Hey Sam, I heard for the first time about cycling training.I would like to know more about this and what all clubs provide training .Thanks
 
10bpm difference near threshold is a fair amount...

It's been years since I've relied on HRM for "effort perception" but I used to do 10 mile TT's at ~190 to 195bpm, 25mile TT at ~190 (or 185 if early AM) and 50mile TT at ~185.

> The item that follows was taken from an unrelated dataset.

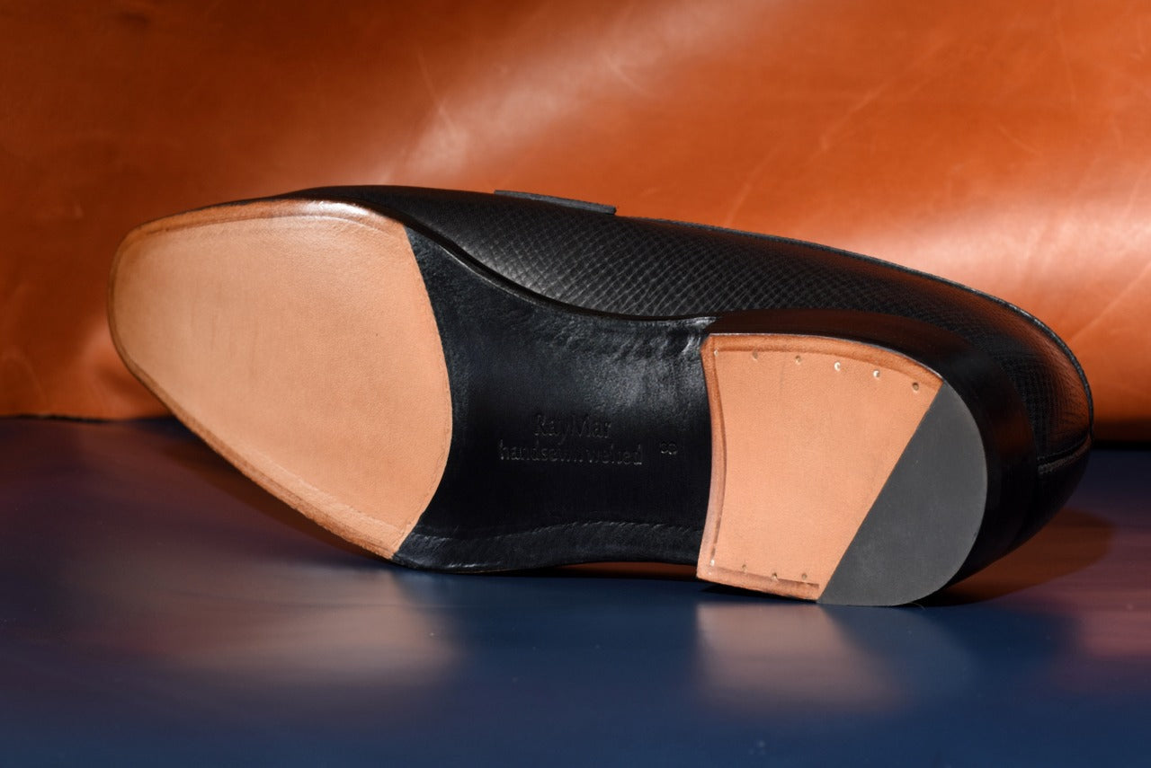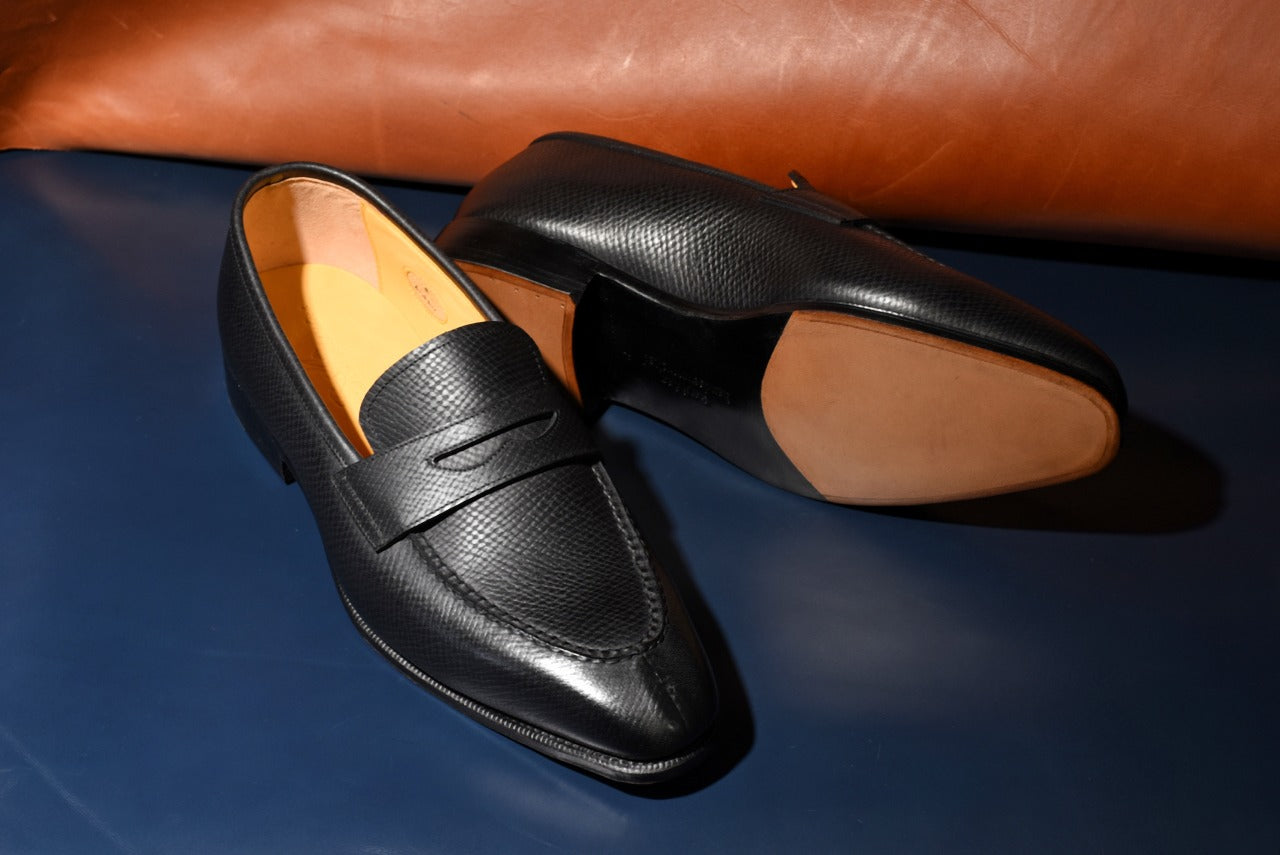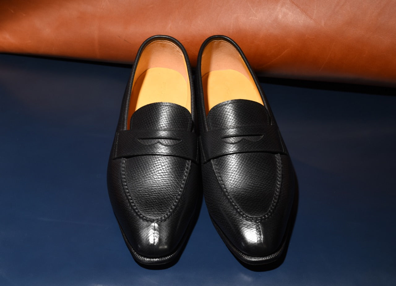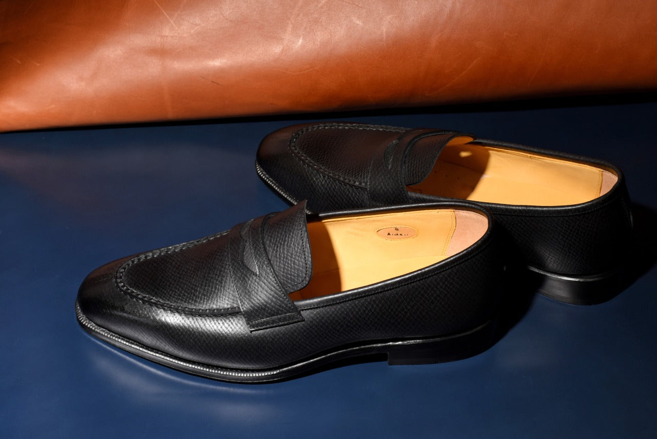 【RAYMAR】Aiden チゼルトゥスキンステッチUチップコインローファー ブラック ホーウィンハッチグレイン ハンドソーン製法 24.0cm~27.0cm レイマー (コピー)

21 or 22 minutes or 1hr 55ish... that's the difference in duration that 10bpm got me when fully motivated.

I would include some VO2 work in any block other than end of season/start of winter lollygagging/farting around in 42x17 smelling the roses training. It's good for the legs, the head and lots of other good stuff that's very important for going quick. You don't have to do massive amounts of it like you might do in a structured "peak" phase but doing some is something I'd highly recommend.

Andy Coggans chart precis it all much better that I could... (see table 2)

http://home.trainingpeaks.com/articles/cycling/power-training-levels,-by-andrew-coggan.aspx
 
Originally Posted by swampy1970 .

Andy Coggans chart precis it all much better that I could... (see table 2)

http://home.trainingpeaks.com/articles/cycling/power-training-levels,-by-andrew-coggan.aspx
This is a great reference, haven't looked at it in awhile. Was checking out the HR column and saw VO2 intensity at over 100% and was like WTF!? How do I go over my max lol! Then realized it's 'average' HR from a field test. In all, a somewhat better use of HR than as a % of Max, if using HR to determine intensity. My RPE for the VO2 work is closer to 7 or 8, prolly because I like running them at the min duartion of 3 mins to cover 2 bases (i.e. VO2 and lactate tolerance work). One of these days if I ever get serious I'll brake em down further.